Stable Diffusion AI Image Generator

NGL I'm super chuffed that SDXL works with my 1060 6GB.
Especially now since I'm using SD to generate ideas to be modelled. SDXL makes things much easier on the prompt side.

I mean look at this.

With a simple prompt:
Pokémon, fire elemental horse, realistic, 4k, bokeh

1690494691042.jpeg1690494722011.jpeg
 
I have SDXL running smoothly now in a clean copy of Auto1111. And it's hella fast with "downgraded" drivers generated 3 x 1024 pics in a minute or so. It is a lot more accurate in giving you precisely what you ask for too.

prompt : breathtaking watercolour painting, a dragon sipping on a cup of coffee, in an english tea garden, vivid, imaginitive, fantasy art, uplifting, colourful, 32k, art by George Caleb Bingham, Arthur Burdett Frost, Abraham de Vries, trending on ArtStation, masterpiece

negative : worst quality, low resolution, bad art,compression, artifacts

00030-1210082146.png
 
A few days later and SDXL is running better than ever.

This extension simplifies the process of having to run the base model and then the refiner in Auto1111, now you only tick the "enable refiner" box and you don't have to do the extra img2img \ refiner pass anymore.

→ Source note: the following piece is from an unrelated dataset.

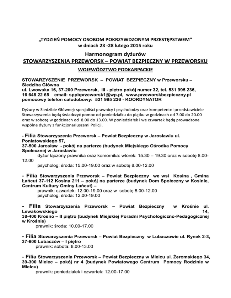 „TYDZIEŃ POMOCY OSOBOM POKRZYWDZONYM PRZESTĘPSTWEM” w dniach 23 -28 lutego 2015 roku Harmonogram dyżurów STOWARZYSZENIA PRZEWORSK – POWIAT BEZPIECZNY W PRZEWORSKU WOJEWÓDZTWO PODKARPACKIE STOWARZYSZENIE PRZEWORSK – POWIAT BEZPIECZNY w Przeworsku – Siedziba Główna ul. Lwowska 16, 37-200 Przeworsk, III - piętro pokój numer 32, tel. 531 995 236, 16 648 22 65 email: [email protected], www.przeworskbezpieczny.pl pomocowy telefon całodobowy: 531 995 236 - KOORDYNATOR Dyżury w Siedzibie Głównej: specjaliści prawnicy i psycholodzy oraz kompetentni przedstawiciele Stowarzyszenia będą świadczyć pomoc od poniedziałku do piątku w godzinach od 7.00 do 20.00 oraz w sobotę w godzinach od 8.00 do 13.00. W poniedziałek i we czwartek będą prowadzone wspólne dyżury z funkcjonariuszami Policji. - Filia Stowarzyszenia Przeworsk – Powiat Bezpieczny w Jarosławiu ul. Poniatowskiego 57, 37-500 Jarosław - pokój na parterze (budynek Miejskiego Ośrodka Pomocy Społecznej w Jarosławiu dyżur łączony prawnika oraz komornika: wtorek: 15.30 – 19.30 oraz w sobotę 8.0012.00 psycholog: środa: 15.00-19.00 oraz w sobotę 8.00-12.00 - Filia Stowarzyszenia Przeworsk – Powiat Bezpieczny we wsi Kosina , Gmina Łańcut 37-112 Kosina 211 – pokój na parterze (budynek Dom Społeczny w Kosinie, Centrum Kultury Gminy Łańcut) – prawnik: czwartek: 12.00-19.00 oraz w sobotę 8.00-12.00 psycholog: środa: 12.00-19.00 Stowarzyszenia Przeworsk – Powiat Bezpieczny w Krośnie ul. Lewakowskiego 14, 38-400 Krosno – II piętro (budynek Miejskiej Poradni Psychologiczno-Pedagogicznej w Krośnie) prawnik: środa: 10.00-17.00 - Filia - Filia Stowarzyszenia Przeworsk – Powiat Bezpieczny w Lubaczowie ul. Rynek 2-3, 37-600 Lubaczów – I piętro prawnik: sobota: 8.00-13.00 - Filia Stowarzyszenia Przeworsk – Powiat Bezpieczny w Mielcu ul. Żeromskiego 34, 39-300 Mielec – pokój nr 4 (budynek Powiatowego Centrum Pomocy Rodzinie w Mielcu) prawnik: poniedziałek i czwartek: 12.00-17.00 psycholog: piątek: 13.00-17.00 - Filia Stowarzyszenia Przeworsk – Powiat Bezpieczny w Przemyślu Pl. Dominikański 3, 37-700 Przemyśl I - piętro pokój numer 61 (budynek Starostwa Powiatowego w Przemyślu) prawnik: czwartek i piątek: 9.00-16.00 psycholog: wtorek: 10.00-16.00 - Filia Stowarzyszenia Przeworsk – Powiat Bezpieczny w Ropczycach 39-100 Ropczyce, ul. Rynek 1, lokal 325 III – piętro (budynek Towarzystwa Budownictwa Społecznego Sp. z o.o. w Ropczycach) prawnik: środa: 9.00-18.00 oraz w sobotę: 9.00-13.00 psycholog: wtorek: 9.00-19.00 - Filia Stowarzyszenia Przeworsk – Powiat Bezpieczny w Stalowej Woli ul. 1sierpnia 26, 37- 450 Stalowa Wola, - I piętro (budynek ZSP Nr 2 im. Tadeusza Kościuszki „Budowlanka”, wejście od strony torów kolejowych) prawnik: poniedziałek i wtorek: 10.00-14.00 psycholog: piątek: 15.00-19.00 - Filia Stowarzyszenie Przeworsk – Powiat Bezpieczny w Tarnobrzegu ul. 1 Maja 4, 39-400 Tarnobrzeg – pokój nr 18 (budynek Starostwa Powiatowego w Tarnobrzegu) łączony dyżur prawnika i komornika: środa: 12.00-17.00 psycholog: czwartek: 15.00-19.00 STOWARZYSZENIE PRZEWORSK - POWIAT BEZPIECZNY ul. Lwowska 16, 37-200 Przeworsk tel: 531 995 236, 16 648 22 65 pomocowy telefon całodobowy: 531 995 236 e-mail: [email protected] www.przeworskbezpieczny.pl Ośrodek Pomocy dla Osób Pokrzywdzonych Przestępstwem Nowy Horyzont w Rzeszowie będzie pełnił dyżury w związku z Tygodniem Pomocy Osobom Pokrzywdzonym Przestępstwem w okresie 23.02 – 28.02.2015 r. w godzinach od 10 – 18 (poniedziałek – piątek) oraz od 9-13 (sobota) w siedzibie Ośrodka przy ul. Leszczyńskiego 3 w Rzeszowie, tel. (0 – 17) 858 10 33 , kom. 605 289 682, e-mail: [email protected], www.nowyhoryzont.eu, www.pokrzywdzeni.gov.pl Grafik dyżurów Data Godzina Specjalista 23.02.2015 Poniedziałek 10 – 15 Policjant KWP 10 – 12 Psycholog 15 – 17 Prawnik 10 – 15 Policjant KWP 15 – 17 Psycholog 15 – 17 Prawnik 16 – 18 Prawnik 10 – 15 Policjant KMP 10 – 15 Straż Graniczna 12 – 14 Komornik Sądowy 12 – 14 Prawnik 14 – 17 Prawnik 15 – 18 Psycholog 10 – 15 Policjant KWP 10 – 12 Komornik Sądowy 14 – 17 Prawnik 24.02.2015 Wtorek 25.02.2015 Środa 26.02.2015 Czwartek 27.02.2015 Piątek 28.02.2015 Sobota 10 – 15 Policjant KMP 11 – 13 Prawnik 13 – 15 Prawnik 9 – 12 Prawnik 11 – 13 Psycholog Filia Ośrodka w Krośnie, ul. Grodzka 10, 38-400 Krosno, tel. 515 256 298 Dyżur specjalistów: Poniedziałek: 13 – 17 – Prawnik, Policjant z MKP w Krośnie Środa: 12 – 15 – Komornik, Policjant z MKP w Krośnie Piątek: 12 – 18 – Psycholog, Policjant z MKP w Krośnie Filia Ośrodka w Sanoku ,ul. Jana III Sobieskiego 1, 38-500 Sanok, tel. 570 596 462 Dyżur specjalistów – Wtorek 10-16, Czwartek 10-15, Piątek 13-16 Punkt Ośrodka w Dębicy, ul. Sienkiewicza 1, 39-200 Dębica Dyżur specjalistów – Wtorek 11-14, Środa 15-18 Punkt Ośrodka w Czudcu, ul. Słoneczna 2, 38-120 Czudec Dyżur specjalistów – Poniedziałek 11-14, Piątek 11-14 Punkt Ośrodka w Strzyżowie, ul. Słowackiego 8, 38-100 Strzyżów Dyżur specjalistów – Poniedziałek 15-18, Piątek 15-18 Harmonogram dyżurów specjalistów w Podkarpackim Ośrodku Rozwoju Społeczeństwa Obywatelskiego w Rzeszowie ul. Fredry 4/58, 35-959 Rzeszów, w ramach Tygodnia Pomocy Osobom Pokrzywdzonym Przestępstwem (23-28 lutego 2015 r.) Specjalista: 23.02 (PON) 24.02 (WT) 25.02 (ŚR) 26.02 (CZW) 27.02 (PT) 28.02 (SOB) Prawnik 15.00 – 18.00 16.00 – 18.00 8.00 – 13.00 9.00 – 13.00 16.00 – 18.00 15.30 – 18.00 10.00 – 13.00 Psycholog 10.00 – 13.00 16.00 – 19.00 Policja 12.00 – 15.00 12.00 – 15.00 Kuratorzy I Zespołu Kuratorskiej Służby Sądowej Sądu Rejonowego w Rzeszowie 14.00 – 16.00 13.00 – 16.00 13.00 – 16.00 10.00 – 16.00 10.00 – 13.00 Kuratorzy II Zespołu Kuratorskiej Służby Sądowej Sądu Rejonowego w Rzeszowie 10.00 – 14.00 10.00 – 14.00 10.00 – 13.00

This is the "fixed" SDXL vae which allows it to be run in fp16 precision without generating NaNs.

There are already a bunch of LoRAs and models out for SDXL, but what I really want is ControlNet Support... bring it on :)

Gotta love those "it gave me exactly what I wanted" vibes one gets from SDXL prompts as well :

00015-4009651006-landscape photo, eerie cottage in a haunted forest, ghostly trees, horror, ma...png
 
How do I use this thing Stable Diffusion thing? My dad wants to try this out!
 
Running SDXL base + refiner through Comfy in Google Colab.

This is how much RAM and VRAM it uses when free to use as much resources as it wants.

Assigned an Nvidia Tesla T4.

1691356883197.png
 
Last edited:
I really like this new LoRA control extension for Auto1111. In a nutshell, it allows you to use various LoRAs at different strengths at different steps in the image generation. It's like "alternating prompts" but more powerful because it allows you to blend many different styles, subjects, concepts into one style.

In the below image, I started off with a World of Warcraft style render of an Orc, then applied a body horror LoRA to it to make it uglier (Warcraft Orcs are quite cartoony) and then another horror LoRA to make the overall picture more sinister.

The prompt for the below was "a green skinned, brutal Orc holding his axes on the battlefield, fantasy, horror, dread,world of warcraft, bodyhorror <lora:WoWSketcherAlpha:0.8@0,[email protected],0@0> <lora:bodhor:0@0,[email protected],0@1> <lora:Dread:0@0,[email protected],0.3@1>"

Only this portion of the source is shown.